▸ **Task objective**: Please retype the listing below word for word and exclude its images.

▸ **Recorded information**:
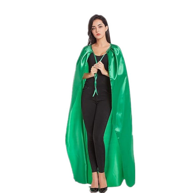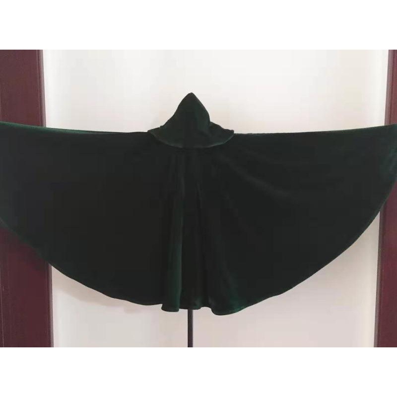 Jubah cosplay Halloween hijau tua jubah Batman penyihir bertali selendang rok besar jubah pendek topi besar
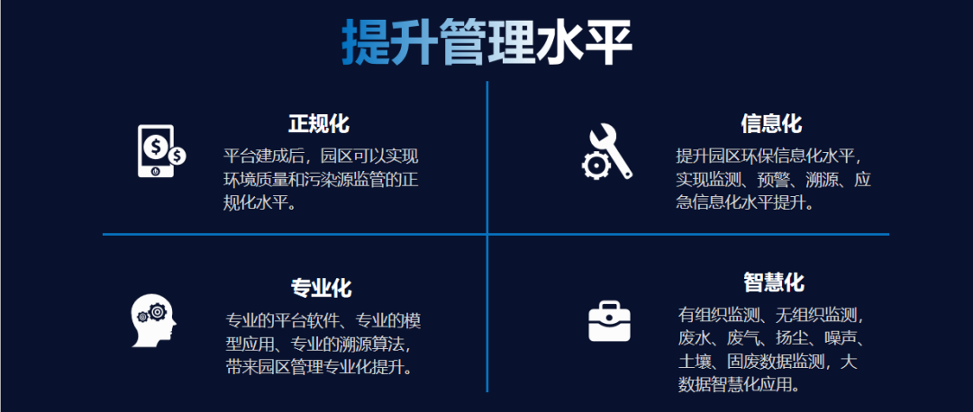 上述国家和省市的标准和文件中,都对工业园区监测预警等内容做了明确的说明,环境监测信息化在园区的建设和评级中,占用非常重要的作用。
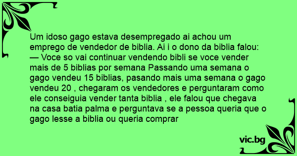 — Voce so vai continuar vendendo bibli se voce vender mais de 5 biblias por semana Passando uma semana o gago vendeu 15 biblias, pasando mais uma semana o gago vendeu 20 , chegaram os vendedores e perguntaram como ele conseiguia vender tanta biblia , ele falou que chegava na casa batia palma e perguntava se a pessoa queria que o gago lesse a biblia ou queria comprar
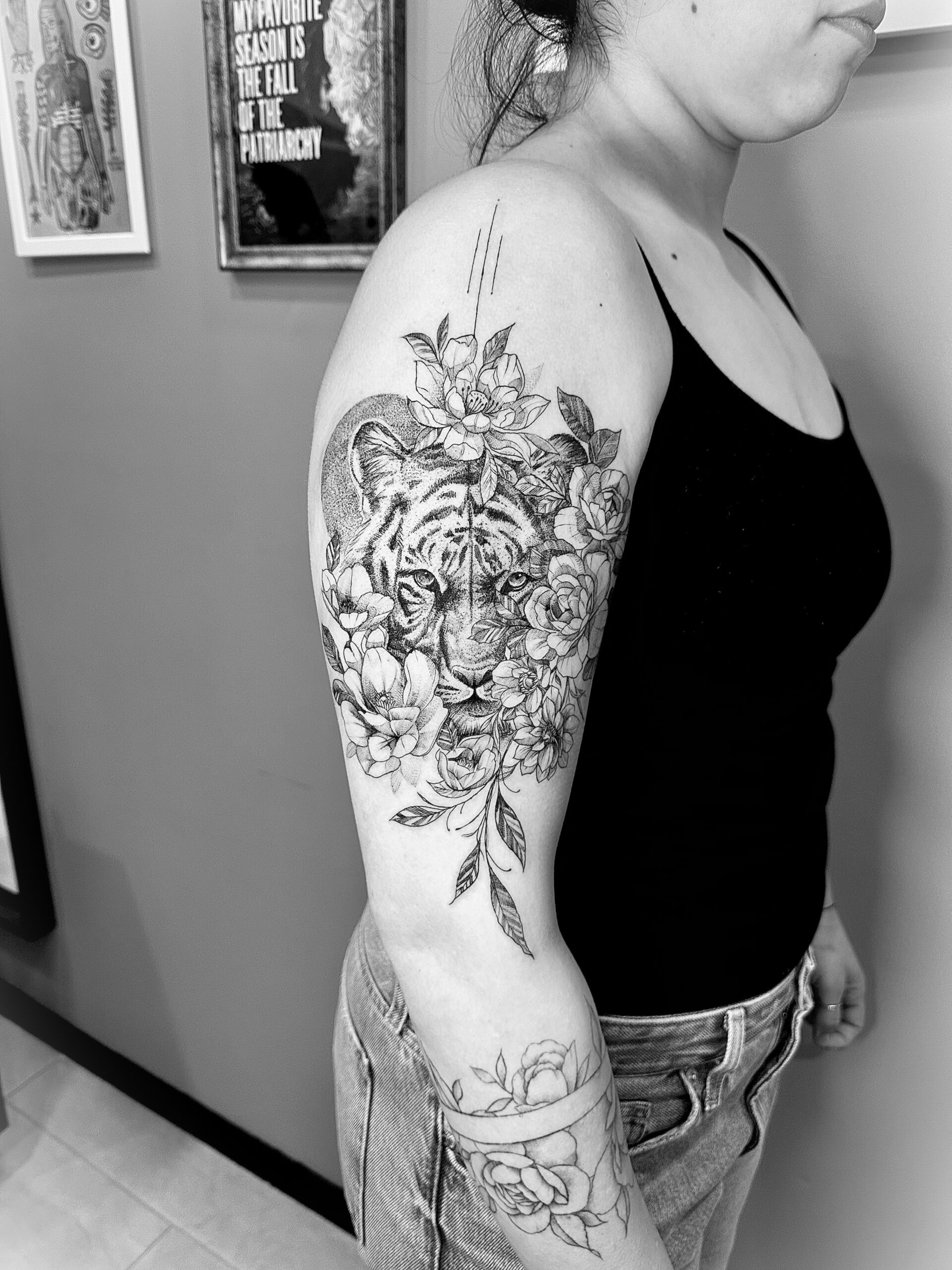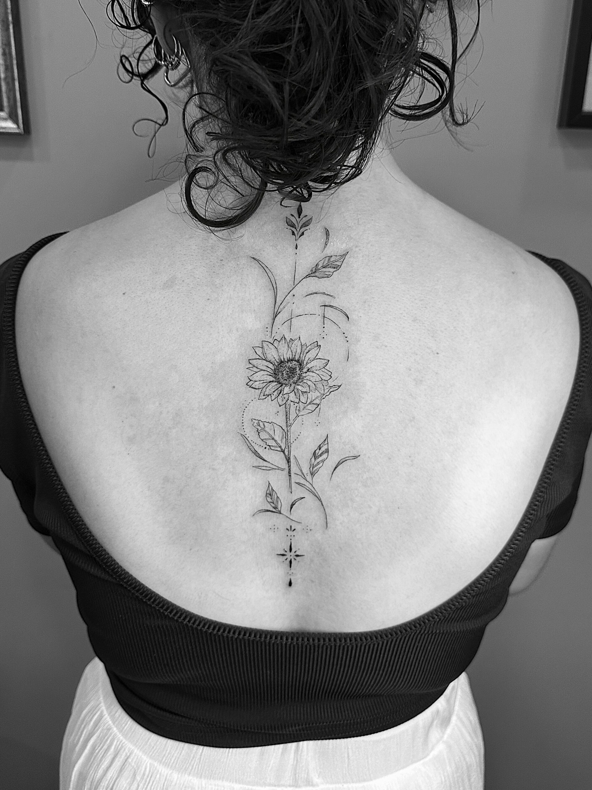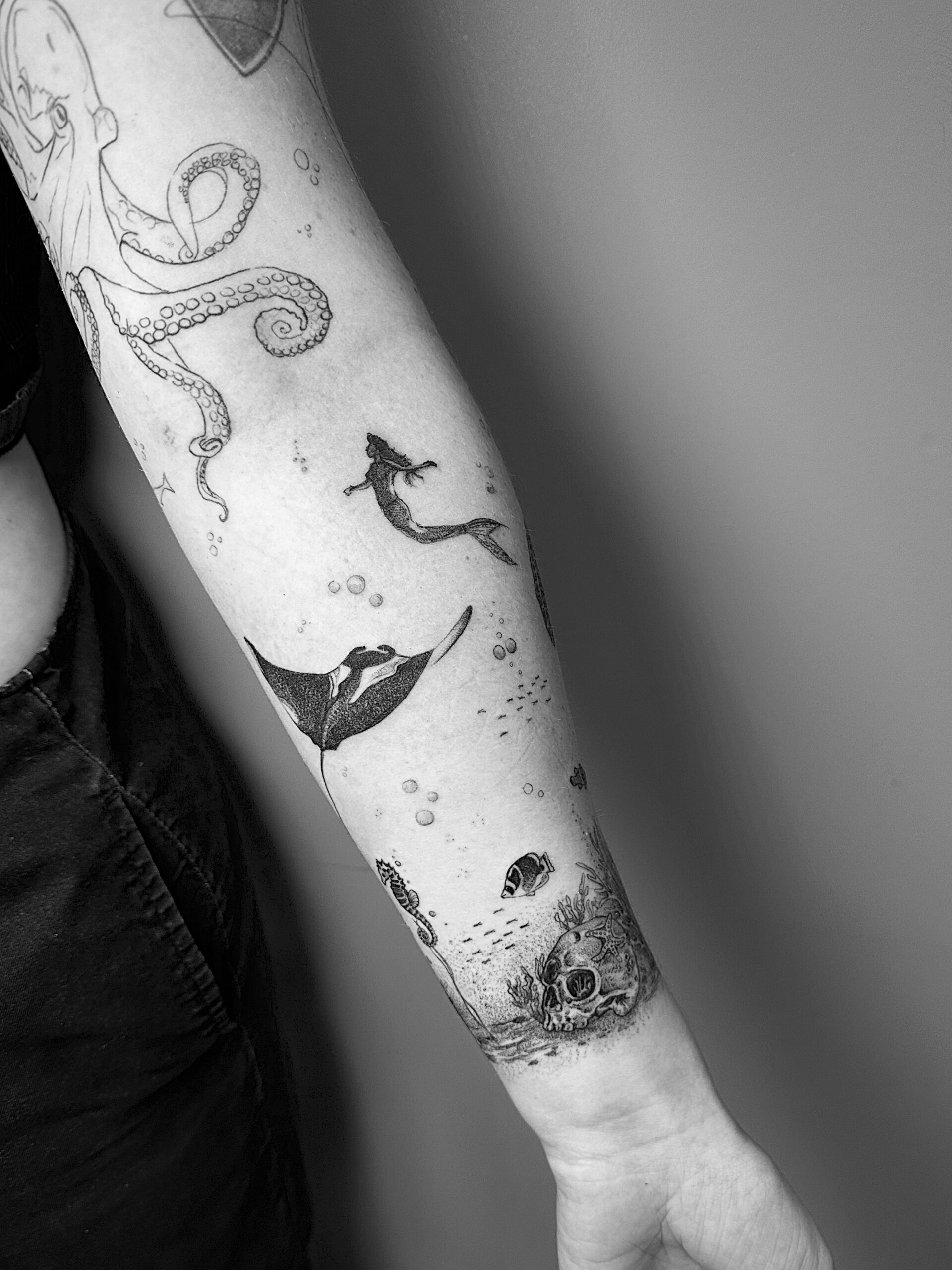 Tatuajes complejos y de combinación de varios elementos. Líneas finas a lo grande.

▸ **Completed exercise**:
 Jubah cosplay Halloween hijau tua jubah Batman penyihir bertali selendang rok besar jubah pendek topi besar
 上述国家和省市的标准和文件中,都对工业园区监测预警等内容做了明确的说明,环境监测信息化在园区的建设和评级中,占用非常重要的作用。
 — Voce so vai continuar vendendo bibli se voce vender mais de 5 biblias por semana Passando uma semana o gago vendeu 15 biblias, pasando mais uma semana o gago vendeu 20 , chegaram os vendedores e perguntaram como ele conseiguia vender tanta biblia , ele falou que chegava na casa batia palma e perguntava se a pessoa queria que o gago lesse a biblia ou queria comprar
 Tatuajes complejos y de combinación de varios elementos. Líneas finas a lo grande.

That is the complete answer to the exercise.